Therefore, a rough position and inclination can be visually confirmed over the entire length of the conductor tip 201a inside the crimping portion 30.
Since the aluminum core wire 201s has a density lower than that of the copper forming the crimping portion 30, the X-ray passes through the aluminum core wire 201s when irradiated with X-rays having a wavelength that passes through the crimping portion 30.

  Furthermore, since only one of the core wires constituting the conductor 201 is an X-ray non-transparent core wire 51f made of a lead alloy and the other core wire 201 is formed of an aluminum core wire 201s, X-ray irradiation is performed as described above. In the process and the display process, in addition to being able to display the crimping shape inside the crimping part 30, it is lighter than when all the core wires constituting the conductor 201 are formed by the X-ray non-transparent core wire 51f. Can be achieved.
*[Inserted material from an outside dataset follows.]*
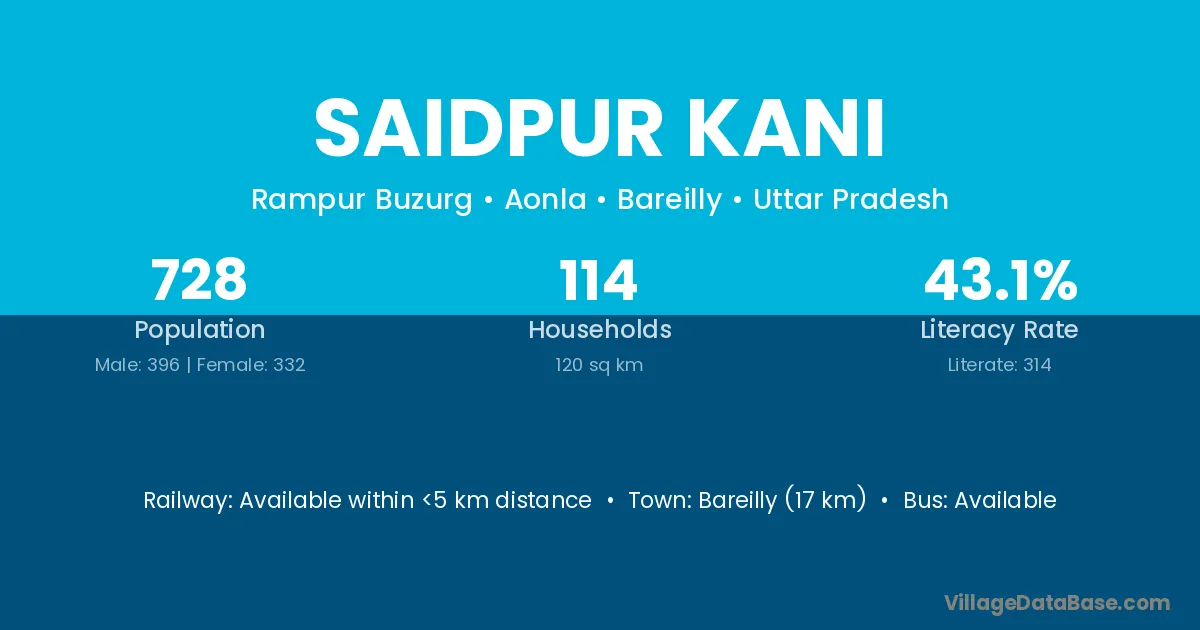 Bareilly (17 km) is the nearest town to Saidpur Kani village for major economic activities and is located approximately 17 km away.

  However, the electric wire 1Pd with a crimp terminal is made of a lead alloy like the conductor 201 in the electric wire 1Pd with the crimp terminal of the fifth embodiment, except that all of the plurality of core wires constituting the conductor 201 are formed by the aluminum core wire 201s. Any configuration including at least one X-ray non-transparent core wire 51f may be used.

(Sixth embodiment)
FIG. 11 is an explanatory view of the covered electric wire 200Pe provided to the electric wire 1Pe with crimp terminal according to the sixth embodiment. Specifically, FIG. 11 is a cross-sectional view orthogonal to the enlarged longitudinal direction of the covered electric wire 200Pe according to the sixth embodiment. Indicates.

  In the covered electric wire 200Pe in the electric wire 1Pe with crimp terminal of the sixth embodiment, each of a plurality of core wires constituting the conductor 201 is constituted by a lead clad wire 201t.

  The lead clad wire 201t is a composite wire in which an X-ray non-transparent layer 51g made of a lead alloy is formed on the surface layer of the main wire 201t1 mainly made of aluminum, as shown in a partially enlarged view in FIG. It is.

  In such a crimp shape display method using the electric wire with a crimp terminal 1Pe, when X-rays are irradiated to the crimp portion 30 in the X-ray irradiation step and the display step, lead as a plurality of core wires constituting the conductor 201 is obtained. Since the X-ray non-transmissive layer 51g made of lead is formed as the X-ray non-transmissive portion 51 outside the cladding wire 201t, the X-rays transmitted through the crimping portion 30 are blocked.

  Accordingly, it is possible to visually confirm the position and inclination over the entire length of the conductor tip 201a inside the crimping portion 30.

  Moreover, since the core wire 201t1 can be formed of aluminum by forming each of the core wires constituting the conductor 201 as the lead clad wire 201t, the surface layer is utilized while taking advantage of the light weight of aluminum. The formed X-ray non-transparent layer 51g can block X-rays that have passed through the crimping portion 30.

  In addition, the electric wire 1Pe with the crimp terminal is not limited to each of the plurality of core wires constituting the conductor 201 being constituted by the lead clad wire 201t, and at least one core wire may be constituted by the lead clad wire 201t.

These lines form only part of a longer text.